#### Problem to work on:
All of the data that follows should be given again exactly, without its images.

#### Material supplied:
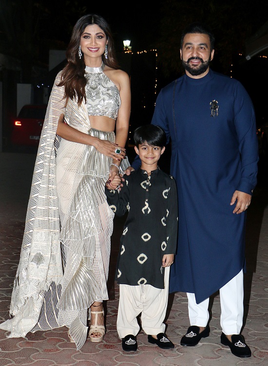 शिल्पा शेट्टी अपने पति राज कुंद्रा के साथ सभी मेहमानों का स्वागत करते दिखे। साथ में उनका प्यारा बेटा विहान भी मम्मी-पापा के साथ इस दिवाली पार्टी के लिए उत्साहित दिखा। आप देख सकते हैं इस मौके पर शिल्पा और उनका परिवार ट्रेडिशनल आउटफिट में कितने जंच रहे हैं। शिल्पा की दिलकश स्माइल की तो बात ही अलग है!
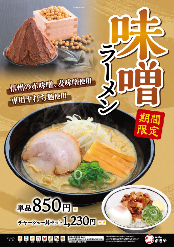 寿がきやでは2025年11月27日(木)より、「味噌ラーメン」を販売いたします。
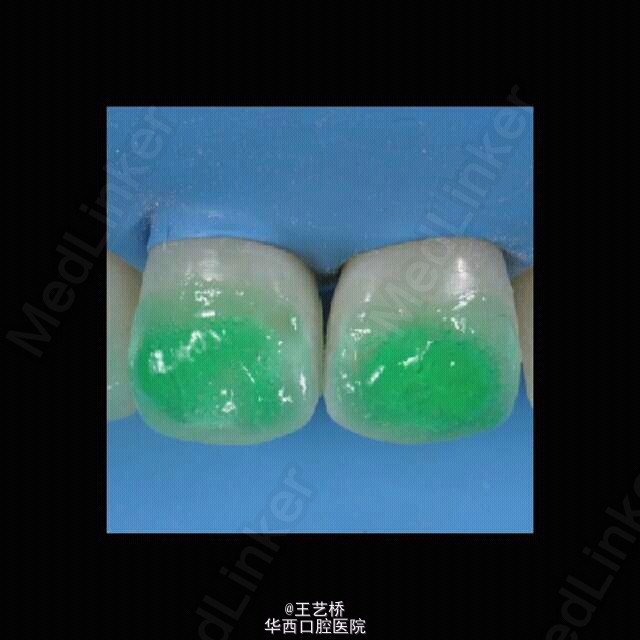之前的病例展示了渗透树脂治疗正畸后脱矿的效果。渗透树脂的适应症较严格,对于牙釉质早期脱矿效果显著,对于四环素牙及重度氟斑牙无明显效果。轻度氟斑牙可使用。
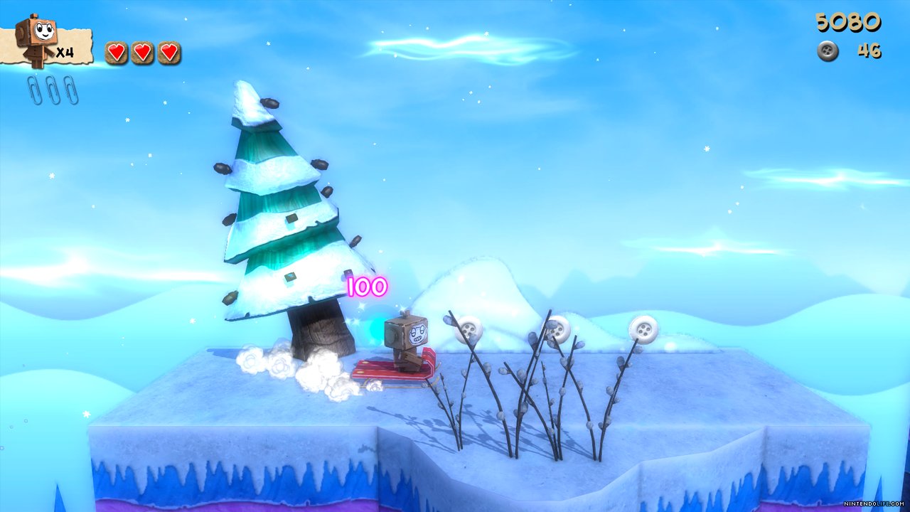 Wat voor speciaals hebben de levels nog meer? Zoals ik al zei verander je soms in een duikboot of helikopter. In de duikboot levels ben je onder water en de helikopter levels vragen veel van je vliegkunsten. In het Winterwonderland gebied wordt je soms op een slee gezet en ga je al glijdend door een level terwijl je over gaten en vijanden springt.
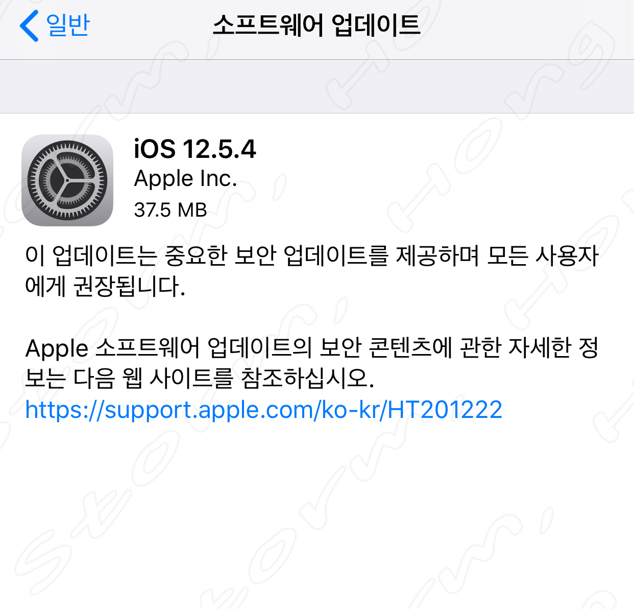 현재 iOS 12.5.3 이하의 버전인 경우 iOS 12에서 생기는St버그 또는 성능 문제가 발생할 수 있기 때문에 iOS 12.5.4 업데이트를 설치하는 것을 권장드립니다.
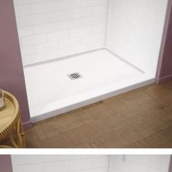 ShowerCast 48 in. L x 34 in. W Alcove Shower Pan Base in White with Square Chrome Center Drain $99Snellville, GA
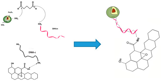 Figure 1 shows the covalent interaction between MFNPs and DNA-t with 5′-end modification through glutaraldehyde crosslinking. The complementary oligonucleotide, i.e., capture DNA (DNA-c), is modified with the amine group where it can interact with the functional group, −COOH, on GO. When DNA hybridization occurs, the fluorescence intensity of the donor, e.g., FMNPs, will be supressed by the quencher, GO. The correlation of fluorescence quenching and the level of DNA hybridization can determine how much DNA-t is in a system.
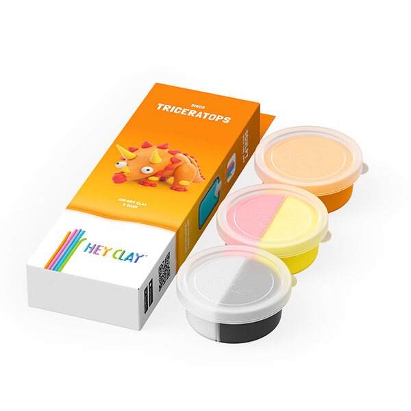 Met deze set bestaande uit 3 potjes boetseerklei van Hey Clay, boetseer je aan de hand van de bijhorende app een vrolijke Triceratops. Boetseren was nog nooit zo leuk en gemakkelijk! Volg de eenvoudige instructies via de animaties op de app om de personages tot leven te laten komen. De app toont stap voor stap welke kleuren er nodig zijn en hoe de losse onderdelen te boetseren. Met de kleuren op de verpakking maak je alle personages uit de set. Een deel van de klei blijft over voor hergebruik en bewaar je in een afgesloten doosje tegen uitdroging.
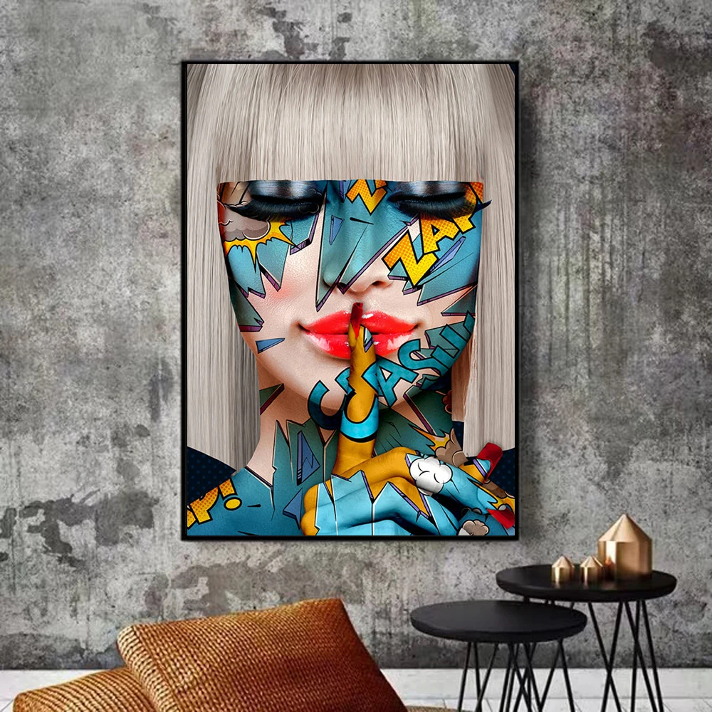Граффити красная губа Shush очки девушка искусство холст печать кар...
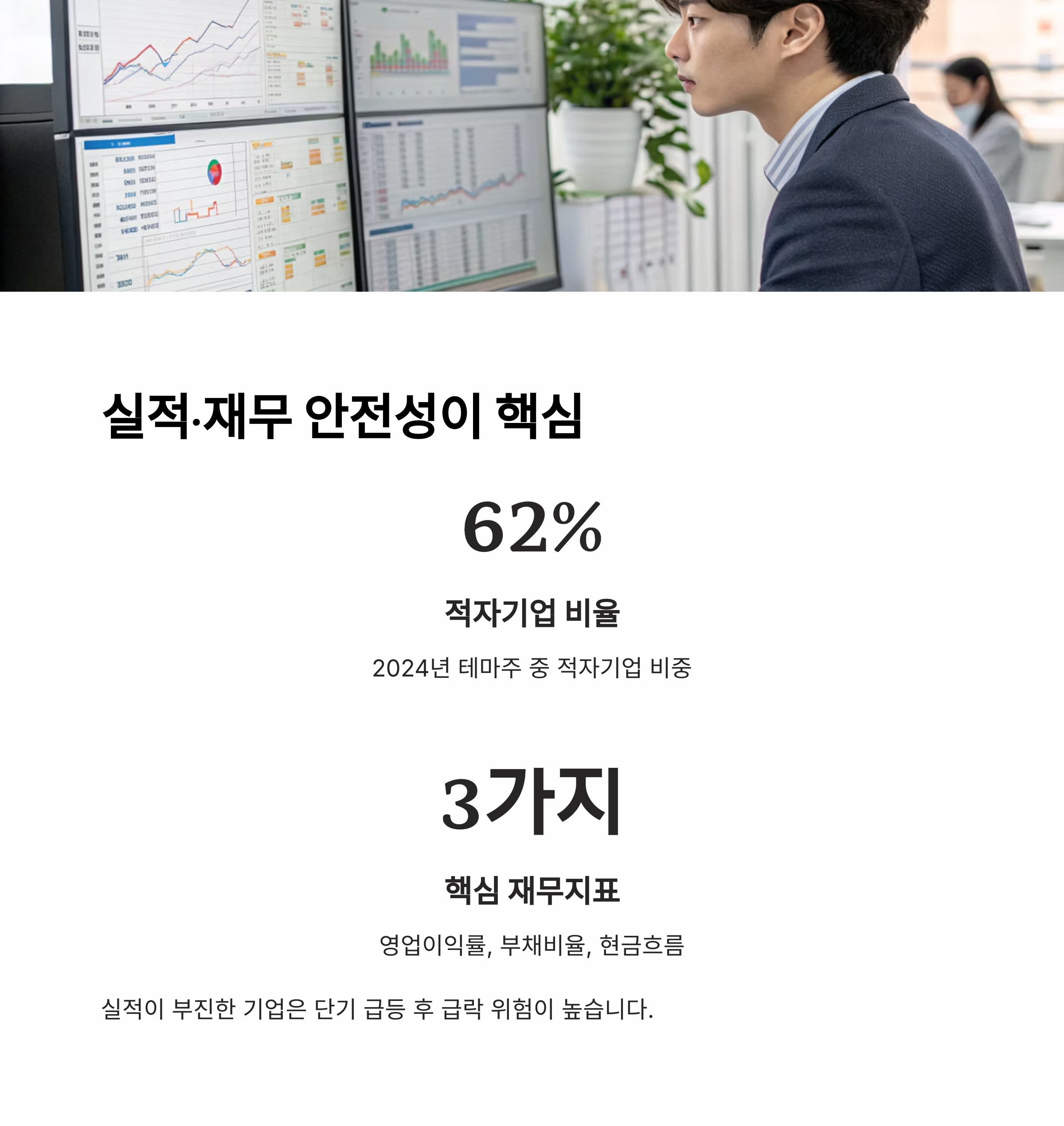 | 실적 확인과 수혜 가능성 체크 | 고점 대비 눌림목 진입 전략 | 손실 제한, 수익 실현 구간 분할 설정 |
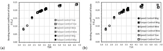 Average blade root bending moment coefficient () for blade 2 (a) and blade 3 (b) versus tip speed ratio (TSR). Please note that there is not available for the irregular wave-tow tests.
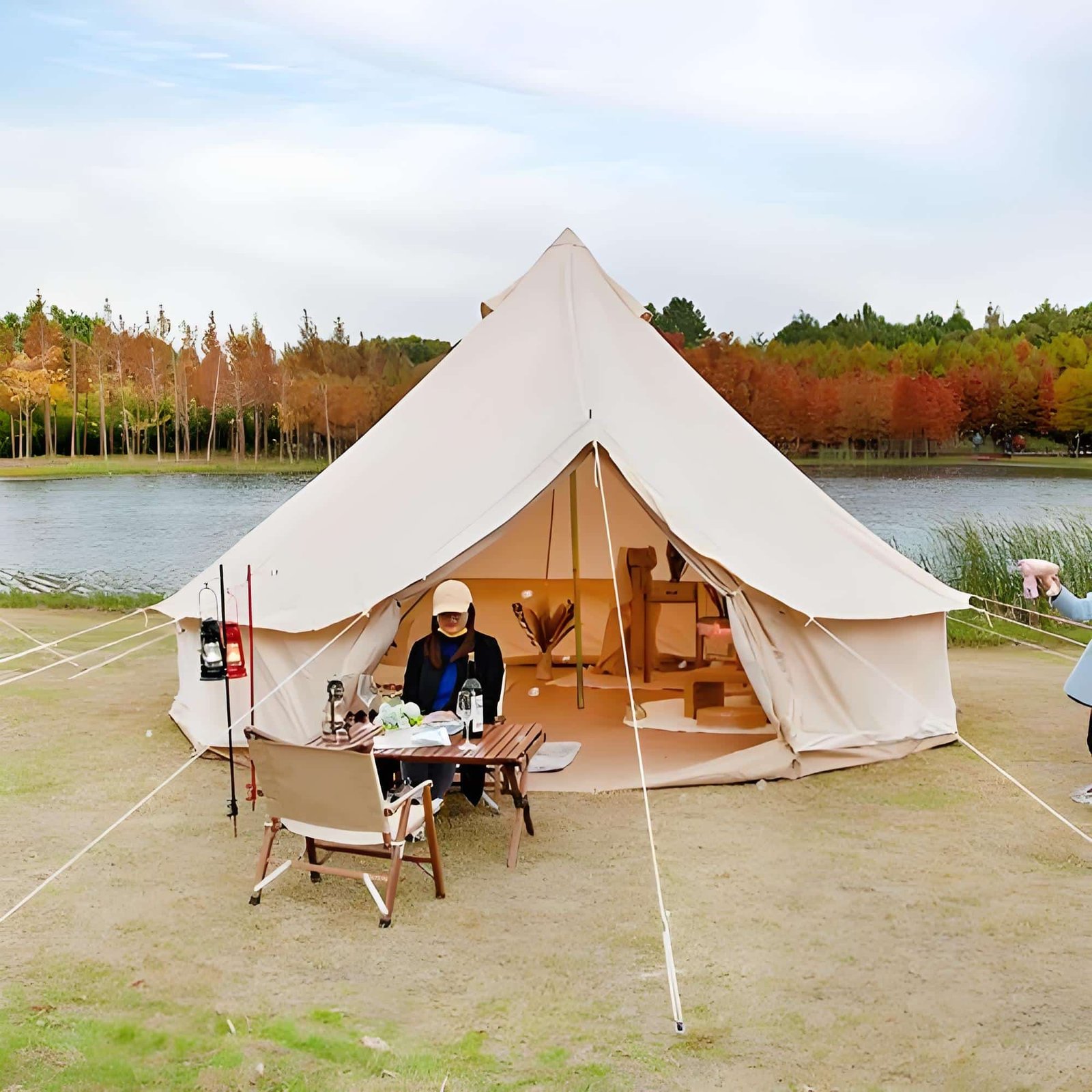 Uma pessoa senta-se a uma mesa com equipamento de campismo no exterior de uma grande tenda bege junto a um lago, rodeada por árvores de outono.
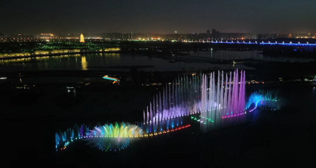 滹沱河生态区“光影水秀”位于石家庄市滹沱河生态区城区段,子龙大桥至新城大街之间的明曦湖公园河湖广场。
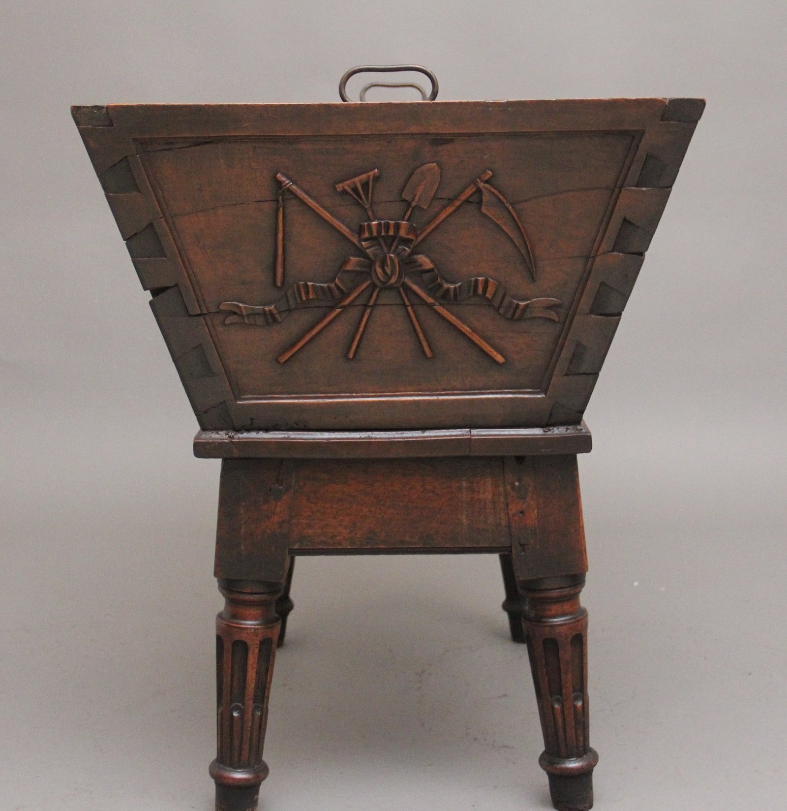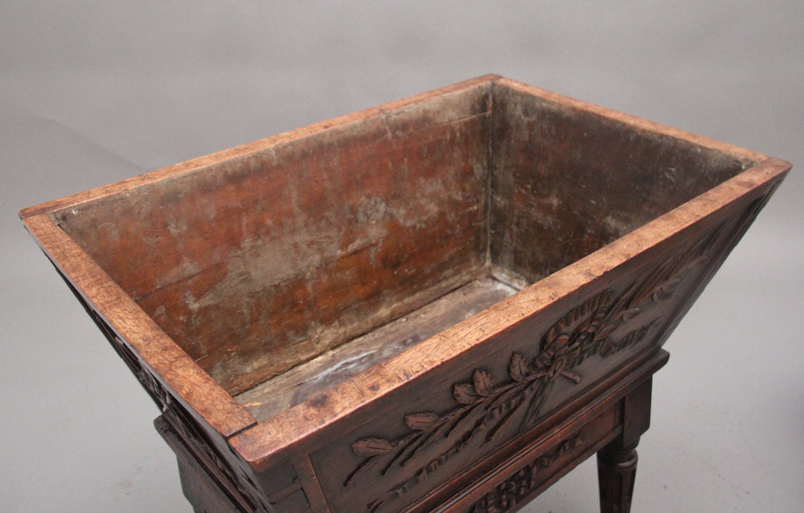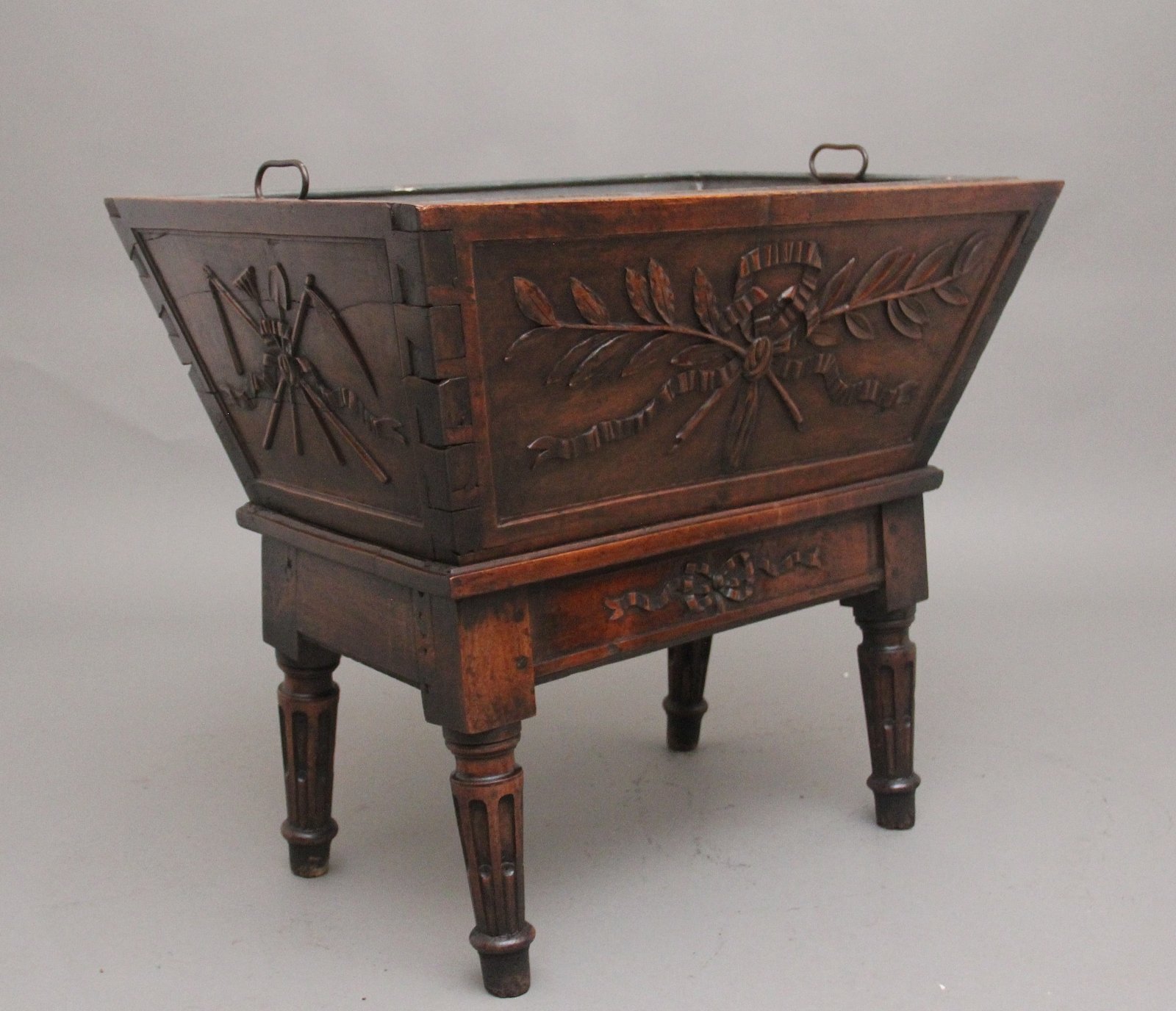 18th Century French walnut wine cooler / planter, the shaped structure having intricate carving around all sides consisting of various foliage, ribbons and gardening tools, having the original removable liner with lift up carrying handles, supported on a carved base with turned and fluted legs. Circa 1770.
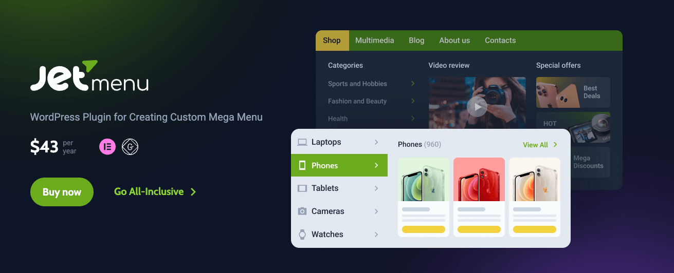 Besonders spannend für alle, die mit Navigationen arbeiten: JetMenu. Damit baust du Mega-Menüs, bei denen du nicht nur Links, sondern auch Bilder, Videos oder Widgets einbinden kannst. Perfekt, wenn du z. B. eine Agentur-Webseite mit vielen Unterseiten strukturieren willst, ohne dich durch die Limitierungen des WordPress-Menüeditors zu quälen.

#### Answer box:
 शिल्पा शेट्टी अपने पति राज कुंद्रा के साथ सभी मेहमानों का स्वागत करते दिखे। साथ में उनका प्यारा बेटा विहान भी मम्मी-पापा के साथ इस दिवाली पार्टी के लिए उत्साहित दिखा। आप देख सकते हैं इस मौके पर शिल्पा और उनका परिवार ट्रेडिशनल आउटफिट में कितने जंच रहे हैं। शिल्पा की दिलकश स्माइल की तो बात ही अलग है!
 寿がきやでは2025年11月27日(木)より、「味噌ラーメン」を販売いたします。
之前的病例展示了渗透树脂治疗正畸后脱矿的效果。渗透树脂的适应症较严格,对于牙釉质早期脱矿效果显著,对于四环素牙及重度氟斑牙无明显效果。轻度氟斑牙可使用。
 Wat voor speciaals hebben de levels nog meer? Zoals ik al zei verander je soms in een duikboot of helikopter. In de duikboot levels ben je onder water en de helikopter levels vragen veel van je vliegkunsten. In het Winterwonderland gebied wordt je soms op een slee gezet en ga je al glijdend door een level terwijl je over gaten en vijanden springt.
 현재 iOS 12.5.3 이하의 버전인 경우 iOS 12에서 생기는St버그 또는 성능 문제가 발생할 수 있기 때문에 iOS 12.5.4 업데이트를 설치하는 것을 권장드립니다.
 ShowerCast 48 in. L x 34 in. W Alcove Shower Pan Base in White with Square Chrome Center Drain $99Snellville, GA
 Figure 1 shows the covalent interaction between MFNPs and DNA-t with 5′-end modification through glutaraldehyde crosslinking. The complementary oligonucleotide, i.e., capture DNA (DNA-c), is modified with the amine group where it can interact with the functional group, −COOH, on GO. When DNA hybridization occurs, the fluorescence intensity of the donor, e.g., FMNPs, will be supressed by the quencher, GO. The correlation of fluorescence quenching and the level of DNA hybridization can determine how much DNA-t is in a system.
 Met deze set bestaande uit 3 potjes boetseerklei van Hey Clay, boetseer je aan de hand van de bijhorende app een vrolijke Triceratops. Boetseren was nog nooit zo leuk en gemakkelijk! Volg de eenvoudige instructies via de animaties op de app om de personages tot leven te laten komen. De app toont stap voor stap welke kleuren er nodig zijn en hoe de losse onderdelen te boetseren. Met de kleuren op de verpakking maak je alle personages uit de set. Een deel van de klei blijft over voor hergebruik en bewaar je in een afgesloten doosje tegen uitdroging.
Граффити красная губа Shush очки девушка искусство холст печать кар...
 | 실적 확인과 수혜 가능성 체크 | 고점 대비 눌림목 진입 전략 | 손실 제한, 수익 실현 구간 분할 설정 |
 Average blade root bending moment coefficient () for blade 2 (a) and blade 3 (b) versus tip speed ratio (TSR). Please note that there is not available for the irregular wave-tow tests.
 Uma pessoa senta-se a uma mesa com equipamento de campismo no exterior de uma grande tenda bege junto a um lago, rodeada por árvores de outono.
 滹沱河生态区“光影水秀”位于石家庄市滹沱河生态区城区段,子龙大桥至新城大街之间的明曦湖公园河湖广场。
 18th Century French walnut wine cooler / planter, the shaped structure having intricate carving around all sides consisting of various foliage, ribbons and gardening tools, having the original removable liner with lift up carrying handles, supported on a carved base with turned and fluted legs. Circa 1770.
 Besonders spannend für alle, die mit Navigationen arbeiten: JetMenu. Damit baust du Mega-Menüs, bei denen du nicht nur Links, sondern auch Bilder, Videos oder Widgets einbinden kannst. Perfekt, wenn du z. B. eine Agentur-Webseite mit vielen Unterseiten strukturieren willst, ohne dich durch die Limitierungen des WordPress-Menüeditors zu quälen.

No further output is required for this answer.